# Growling While Eating



## Shabbydoll (Oct 7, 2008)

Both of my cats are gentle, affectionate, and fairly well behaved cats. However when it comes to Ava (my one year old) she is very aggressive over food. I separate Sunday and Ava when feeding meals---always. Since I am in a studio, Ava goes in the bathroom to eat while Sunday eats outside since Sunday takes a bit longer to eat. Ava always growls when she eats (which helped when I found out she had gotten into the rubber bands but that's another story). Usually I give treats together but Ava is first once again because she will make herself first otherwise. Sunday does not always put up with this. Sunday is a very patient cat. However, if Ava is too aggressive or just annoying Sunday when Sunday is not in the mood to play, Sunday will take a swipe (no claws) at Ava.

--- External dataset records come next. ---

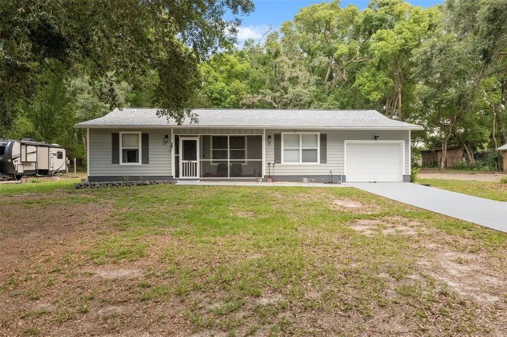 Welcome to Your Perfect Private Retreat This beautifully updated 3-bedroom, 2-bathroom home sits on just over 1 acre of serenity. With no HOA, no deed restrictions, and AR zoning, this property invites you to live life your way. From its brand-new roof (2025) to the new drain field, water softener, and well pump, every detail has been thoughtfully addressed, so all you have to do is move in and enjoy. Step inside and fall in love with the light, bright open concept living and dining spaces, featuring a split floor plan that ensures privacy and comfort for everyone. The home boasts gorgeous updates throughout, including modern finishes and stylish touches that elevate every room. The galley kitchen offers endless cabinet and countertop space, perfect for whipping up your favorite meals. Bonus points: there’s NO carpet anywhere, making clean-up a breeze. And if you love what they have picked out, most furniture is included in the sale! Outside, you’ll find even more reasons to love this property. The screened-in front porch is ideal for morning coffee or evening relaxation, while the RV pad with power and water is ready for your next adventure-on-wheels. And because this home is perfectly placed on its acre lot, you’ll enjoy unmatched privacy tucked away from the road. Convenience meets tranquility in this prime location. You’re just 1 mile from grocery stores, dining options, and Advent Health Hospital. Plus, Tampa airport, Amalie Arena, and Raymond James Stadium are less than an hour away, making it easy to get wherever you need to be. This home is more than a house; it’s a haven. Schedule your showing today and experience the charm, privacy, and convenience for yourself!
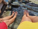 К сожалению, не взяла с собой купальник, поэтому просто мочила ножки/ручки. В первом бассейне для ног вода очень горячая градусов 50. Во втором меньше. Рядом со мной сидел дедушка. Местный житель. Говорит, что вода действительно лечит. Сколько живёт, столько ездит…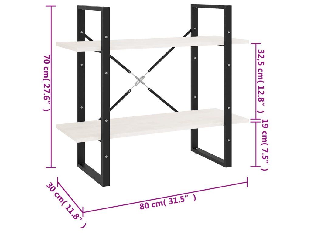 Knihovna se 2 policemi bílá 80 x 30 x 70 cm masivní borovice 806453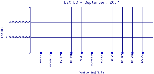 The above map indicates water quality monitoring sites. To view data at a specific site select it from the map with the mouse.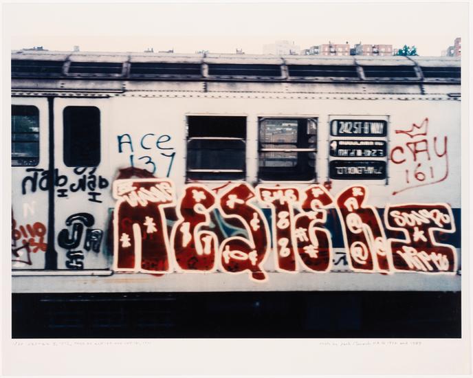 When graffiti first began to appear on subway cars in New York City in the late 1960s, Jack Stewart (1926-2005) became one of the first, along with Jon Naar, to photograph and document it. From late 1972 through early 1973, he photographed subway cars every weekend, documenting the rapidly evolving style of the graffiti writers.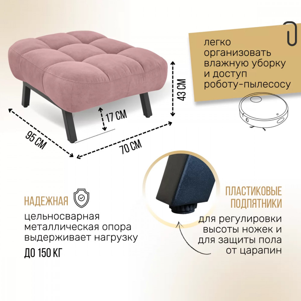 Пуф Vita прямоугольной формы 95 на 70 см, легко превратит ваш прямой диван в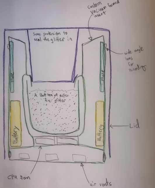 于是他设计了一个会自动喷洒亮粉的装置,当小偷打开这个包裹,就会有很多亮粉喷撒出来。草图长酱紫:

These cats get along. They play together, sleep together and seem to trade off in certain areas of dominance. The food thing just seems out of control. Any ideas?


----------



## kelly-joy (Oct 14, 2008)

Try keeping dry food down all the time and but dishes in different areas as if one cat is guarding the food not letting the other have it then it can't guard all dishes if in a different places. Also by keeping biscuits down all the time they won't be so hungry so therefore might not growl so much.But one may still growl as my birman does but by doing the above you will help the problem. Also try feilway plug inns and putting a few drops of rescue remedy in there water as that will help calm them down and feel more safer in there home.


----------



## Shabbydoll (Oct 7, 2008)

Feliway I can do but the problem is I don't feed them dry, so I can't leave out the food all the time. I know they are both eating well and the right weight, so I don't think it's that she's hungry. Plus the cats get along besides this issue. Eh, I'm at a loss but thank you for responding. I will get a replacement plugin.


----------



## LousKoonz (Feb 9, 2008)

I have a couple of growlers (only at times though - usually if it's something extremely tasty lol) and i have kittens at present and a few of them do it too - one of them actually pushes other kittens heads out of their bowl with their paw LOL  x

it's just a warning that it's their food and not to nick it - if Sunday is batting Ava cos of it then it's just Sunday telling her to shut up and behave - personally i think thats fine as it'll how her eventually that sunday isn't bothered, just sick of her growling xx

don't worry too much - when we intervene for small problems it can cause a bigger one so i tend not to x

my eldest boy has to bat everyone else at least once a day just to say he is top cat and he won't be outranked - the others accept this so usually i just leave it alone - other than a small verbal chastisment to say i saw it and no need for it  xx


----------



## Shabbydoll (Oct 7, 2008)

Thank you,* LousKoonz*. I might have been over reacting but I just didn't want anything to escalate.


----------



## theresa_mum_of_2 (Oct 16, 2008)

Shabbydoll said:


> Thank you,* LousKoonz*. I might have been over reacting but I just didn't want anything to escalate.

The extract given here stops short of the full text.